[Opening Supplied material section]
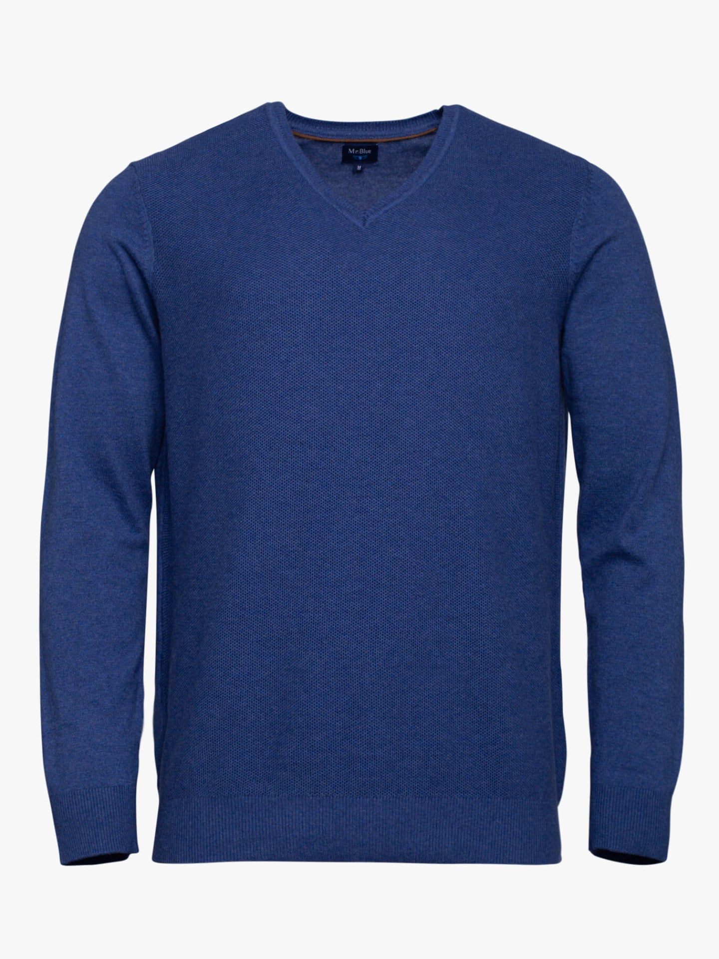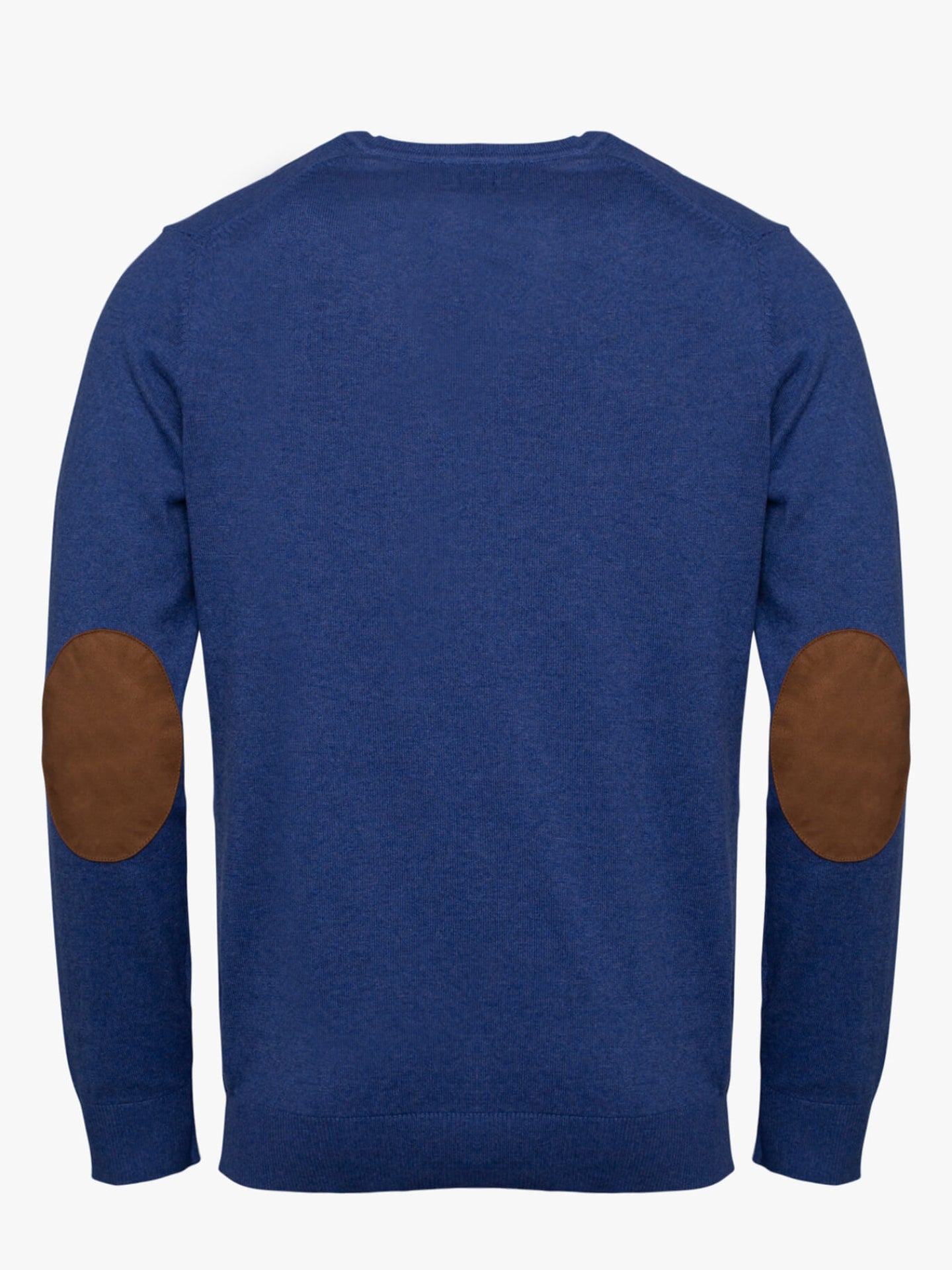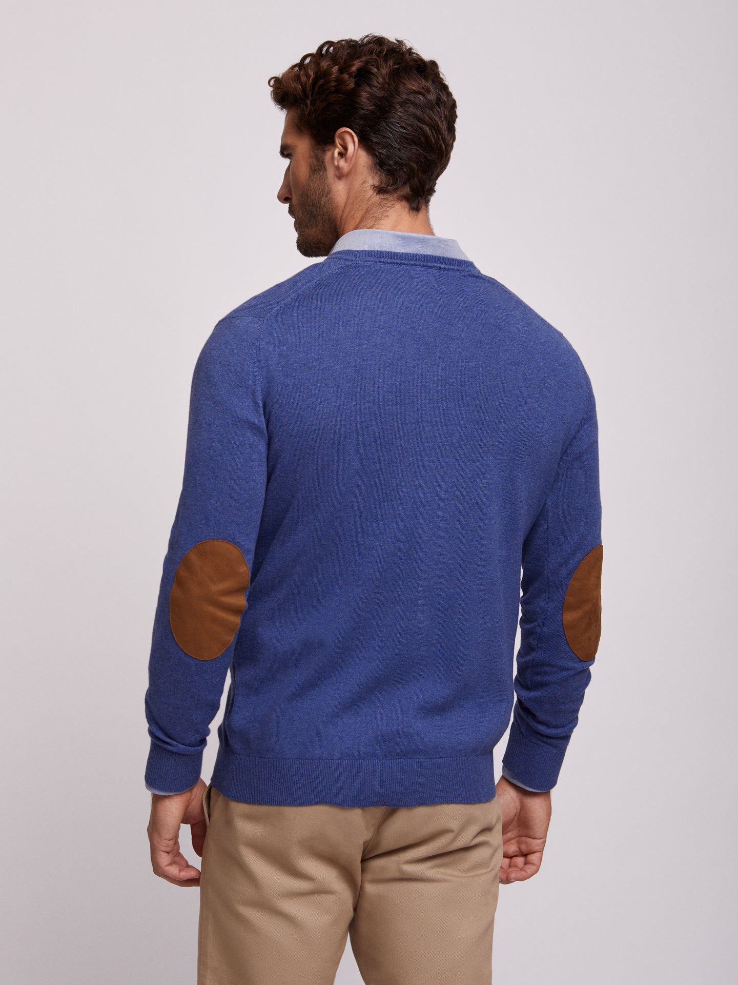 Camisola homem 100% algodão azul forte com decote em V e cotoveleiras. Peça Indispensável no seu guarda roupa. Ideal para um fim de semana ou um dia de trabalho descontraído. Ideal para usar com uma camisa.
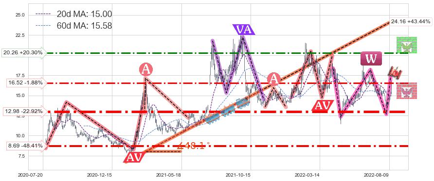 ♘ 阻力价格位20.26,可信任强度69.44%,距离最后交易2022-08-12形成的收盘价格16.84相差 +20.30%
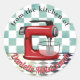 Super fun and colourful tile background with retro red stand mixer in watercolor style "from the kitchen of" stickers or "homemade by" labels for your gifts of foods, sweets, and treats.
[Closing Supplied material section]
▶ What to produce: The material must be restated verbatim. Its pictures must be omitted.

▶ Output for this task:
 Camisola homem 100% algodão azul forte com decote em V e cotoveleiras. Peça Indispensável no seu guarda roupa. Ideal para um fim de semana ou um dia de trabalho descontraído. Ideal para usar com uma camisa.
 ♘ 阻力价格位20.26,可信任强度69.44%,距离最后交易2022-08-12形成的收盘价格16.84相差 +20.30%
 Super fun and colourful tile background with retro red stand mixer in watercolor style "from the kitchen of" stickers or "homemade by" labels for your gifts of foods, sweets, and treats.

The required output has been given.